The hardware and bandwidth for this mirror is donated by dogado GmbH, the Webhosting and Full Service-Cloud Provider. Check out our Wordpress Tutorial.
If you wish to report a bug, or if you are interested in having us mirror your free-software or open-source project, please feel free to contact us at mirror[@]dogado.de.

Type: Package
Title: Word and Phrase Frequency Tools for CHILDES
Version: 0.2.0
Description: Tools for extracting word and phrase frequencies from the Child Language Data Exchange System (CHILDES) database via the 'childesr' API. Supports type-level word counts, token-mode searches with simple wildcard patterns and part-of-speech filters, optional stemming, and Zipf-scaled frequencies. Provides normalization per number of tokens or utterances, speaker-role breakdowns, dataset summaries, and export to Excel workbooks for reproducible child language research. The CHILDES database is maintained at https://talkbank.org/childes/.
License: MIT + file LICENSE
URL: https://github.com/n-albudoor/childeswordfreq
BugReports: https://github.com/n-albudoor/childeswordfreq/issues
Depends: R (≥ 4.4.0)
Imports: cachem, childesr, dplyr, memoise, rappdirs, readr, rlang, stats, tibble, tidyr, utils, writexl
Suggests: testthat (≥ 3.0.0), knitr, rmarkdown
VignetteBuilder: knitr
Encoding: UTF-8
RoxygenNote: 7.3.3
Config/testthat/edition: 3
NeedsCompilation: no
Packaged: 2025-11-15 21:13:24 UTC; albudoor.1
Author: Nahar Albudoor [aut, cre]
Maintainer: Nahar Albudoor <n.albudoor@gmail.com>
Repository: CRAN
Date/Publication: 2025-11-15 22:40:09 UTC

childeswordfreq: Word and Phrase Frequency Tools for CHILDES

Description

The childeswordfreq package provides a simple, reproducible workflow for extracting word and phrase frequencies from the CHILDES database using the childesr API.

Details

The main user-facing functions are:

Optional on-disk caching can be enabled via cwf_cache_enable() to speed up repeated queries, and disabled with cwf_cache_disable(). The current cache status can be checked with cwf_cache_enabled().
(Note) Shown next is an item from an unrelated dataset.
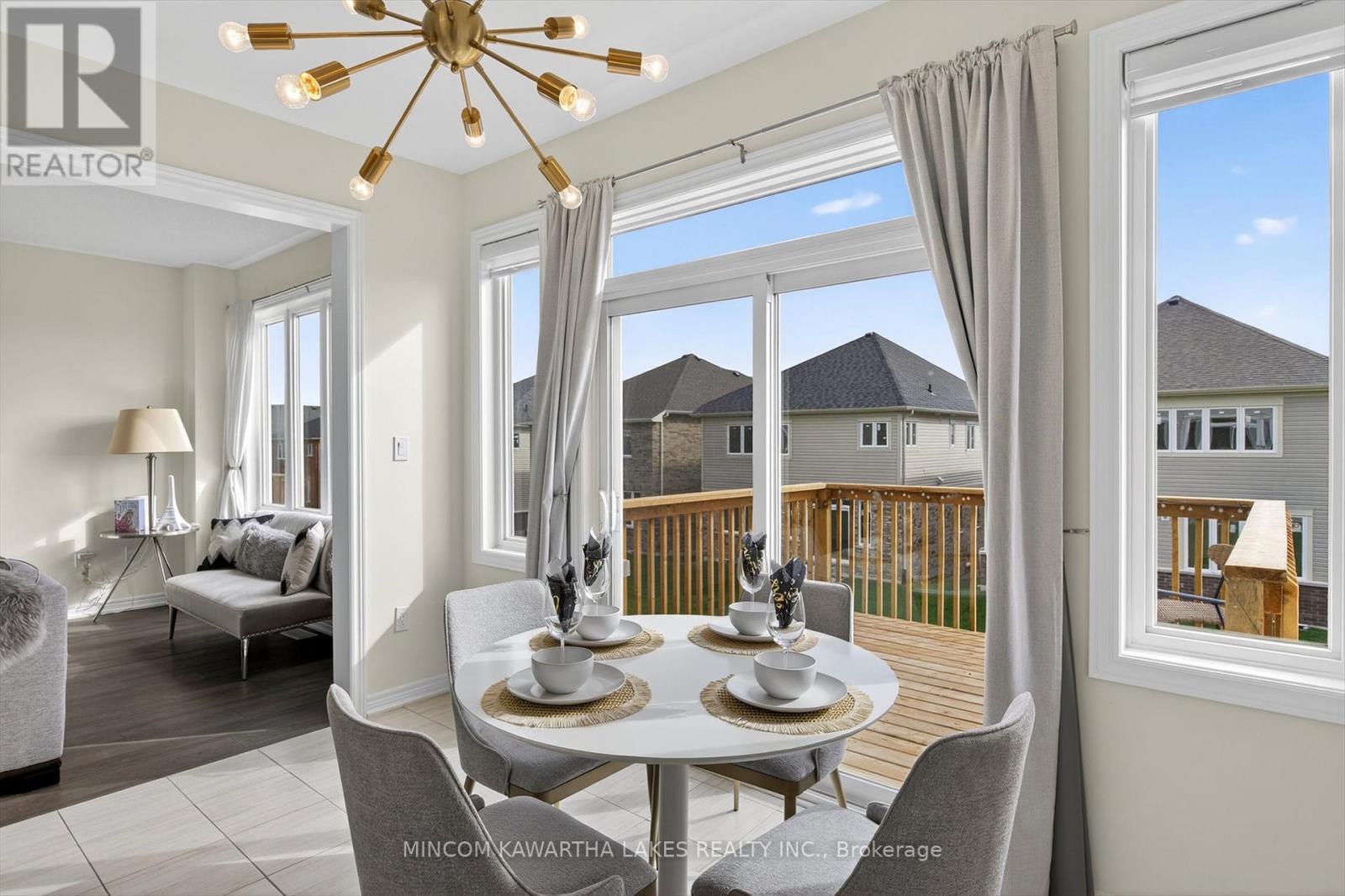 Welcome to 203 O'Neil Street - The Warrington Model Built in 2024, this stunning 4-bedroom, 4-bathroom home offers 2,490 sq. ft. of thoughtfully designed living space. Step inside to discover 9-foot coffered ceilings on the main floor that create a spacious and elegant atmosphere. Main floor offers a spacious main floor family room with gas fireplace. Large bright eat-in kitchen with lots of cupboards and quartz countertops. Fully equipped with brand new stainless appliances. All builder grade lighting has been upgraded with more modern and stylish options. Other main floor features include: A formal dining room, 2nd main floor living space, 2pc bath, spacious foyer and direct access from your double attached garage. This layout is perfect for family living and entertaining. Upgraded solid wood staircase leads to upstairs. The primary bedroom serves as a serene retreat featuring a large 4-piece ensuite and a walk-in closet. The second bedroom also includes its own 4-piece ensuite, ideal for guests or family members seeking added privacy. The third and fourth bedroom share the 3rd - 4 piece bathroom. 2nd floor laundry provides a necessary convenience. Enjoy outdoor living on the 10' x 10' deck overlooking your backyard, or take advantage of the unfinished walk-out basement, offering endless possibilities for future customization. The private double-wide driveway will be paved soon, adding to the home's curb appeal and convenience. Situated in a desirable neighborhood, this property is close to shopping, parks, and scenic trails. offering the perfect balance of comfort and lifestyle. Don't miss your chance to own this beautiful modern home - book your showing today! (id:61423)

All queries are performed live against CHILDES through childesr; no local copy of the corpora is required.

Author(s)

Maintainer: Nahar Albudoor n.albudoor@gmail.com

See Also

Useful links:


Disable caching

Description

Disable caching

Usage

cwf_cache_disable()

Enable on-disk caching of CHILDES queries

Description

Enable on-disk caching of CHILDES queries

Usage

cwf_cache_enable(cache_dir = NULL)

Arguments

cache_dir

Directory for cached results; defaults to user cache dir.


Return TRUE if caching is enabled

Description

Return TRUE if caching is enabled

Usage

cwf_cache_enabled()

Count phrase matches in CHILDES utterances (experimental)

Description

Matches surface phrases in utterance text and outputs counts, plus dataset summary and run metadata. Supports simple wildcards in phrases: * (any chars), ? (one char). Normalization is per number of utterances.

Usage

phrase_counts(
  phrases,
  collection = NULL,
  language = NULL,
  corpus = NULL,
  age = NULL,
  sex = NULL,
  role = NULL,
  role_exclude = NULL,
  wildcard = FALSE,
  ignore_case = TRUE,
  normalize = FALSE,
  per_utts = 10000L,
  db_version = "current",
  cache = FALSE,
  cache_dir = NULL,
  output_file = NULL
)

Arguments

phrases

Character vector of phrases or patterns.

collection, language, corpus, age, sex, role, role_exclude

CHILDES filters.

wildcard

Logical; enable * and ? in phrases.

ignore_case

Logical; case-insensitive matching.

normalize

Logical; if TRUE, add per-N utterance rates.

per_utts

Integer; denominator for utterance rates (default 10000).

db_version

CHILDES DB version (recorded).

cache

Logical; cache CHILDES queries on disk.

cache_dir

Optional cache directory.

output_file

Optional .xlsx path; if NULL, returns a tibble.

Details

Tier targeting is not applied in phrase mode. Phrases are matched in the main utterance text. For tier-constrained contexts around words, use contexts_for(..., mode = "word", tier = "mor").

Value

If output_file is NULL, returns a tibble of phrase counts; otherwise writes an Excel file and returns the file path (invisibly).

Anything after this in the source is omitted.